En 1938, se casa con Leone Ginzburg, un judío ruso nacido en Odessa, lector de literatura eslava en la universidad turinesa, que había fundado con Giulio Einaudi la editorial de ese nombre, y que se había visto obligado cuatro años antes a abandonar la universidad tras su negativa a prestar juramento de lealtad al fascismo. A finales del año de su matrimonio, entran en vigor las leyes raciales fascistas contra los judíos, y, tanto a Natalia como a su marido, les retiran el pasaporte. Leone Ginzburg, además, pierde la nacionalidad italiana y se ve convertido en un apátrida: son los años en que Natalia suspira por tener un pasaporte Nansen que les permitiese escapar de la bota fascista. En 1939 habían tenido su primer hijo, y, en 1940, el segundo. Cuando, en 1940, Leone es enviado al “confino”, exilio interior al que recurría el régimen contra sus opositores, Natalia sigue a su marido al destierro a Pizzoli, en Abruzzo, con sus dos hijos. Leone debe presentarse diariamente a la policía, mientras traduce a Tolstói y Pushkin. Allí nacerá el tercero, la niña Alessandra.

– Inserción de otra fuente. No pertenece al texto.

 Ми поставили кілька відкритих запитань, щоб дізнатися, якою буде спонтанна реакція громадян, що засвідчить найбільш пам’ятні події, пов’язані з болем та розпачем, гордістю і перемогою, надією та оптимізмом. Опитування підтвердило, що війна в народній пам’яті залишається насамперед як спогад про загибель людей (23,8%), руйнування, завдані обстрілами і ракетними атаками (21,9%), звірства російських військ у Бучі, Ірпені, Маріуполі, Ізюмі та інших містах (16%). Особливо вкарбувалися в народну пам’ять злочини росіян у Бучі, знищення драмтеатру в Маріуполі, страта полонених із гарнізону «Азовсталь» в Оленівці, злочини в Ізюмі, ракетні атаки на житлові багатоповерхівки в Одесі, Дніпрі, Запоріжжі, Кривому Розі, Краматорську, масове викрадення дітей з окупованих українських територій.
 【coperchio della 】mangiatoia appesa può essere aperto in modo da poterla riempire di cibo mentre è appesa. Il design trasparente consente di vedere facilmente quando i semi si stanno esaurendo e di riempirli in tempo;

En 1942, Natalia publica en Einaudi la novela La strada che va in città, firmando como Alessandra Tornimparte (por el nombre de un pueblecito cercano a Pizzoli), porque su apellido, Levi, es judío, y las leyes fascistas le impiden hacerlo con el suyo. Mientras, traduce a Proust. Al año siguiente, tras la caída de Mussolini, Leone abandona en julio el confinamiento en Pizzoli, y se va a Roma, donde trabaja clandestinamente; Natalia lo sigue en octubre. Pero las cosas se complican: Leone es detenido en noviembre en una imprenta clandestina, y encarcelado en la prisión de Regina Coeli, por lo que Natalia se ve obligada a esconderse con sus hijos en un convento en via Nomentana. Pero lo peor estaba por llegar. En febrero de 1944, Leone, es salvajemente torturado en la cárcel, rompiéndole la mandíbula en los interrogatorios y dejándolo en un estado crítico. No llaman a ningún médico, y Leone, muere, solo, en la celda. En esas horas dramáticas antes del desenlace, Sandro Pertini (quien, muchos años después, sería presidente de la República) lo oyó musitar en los pasillos, ensangrentado: “No hay que odiar a los alemanes, después”. Natalia, trastornada, se refugia en Florencia, con su madre. El asesinato de su marido la marcaría para siempre.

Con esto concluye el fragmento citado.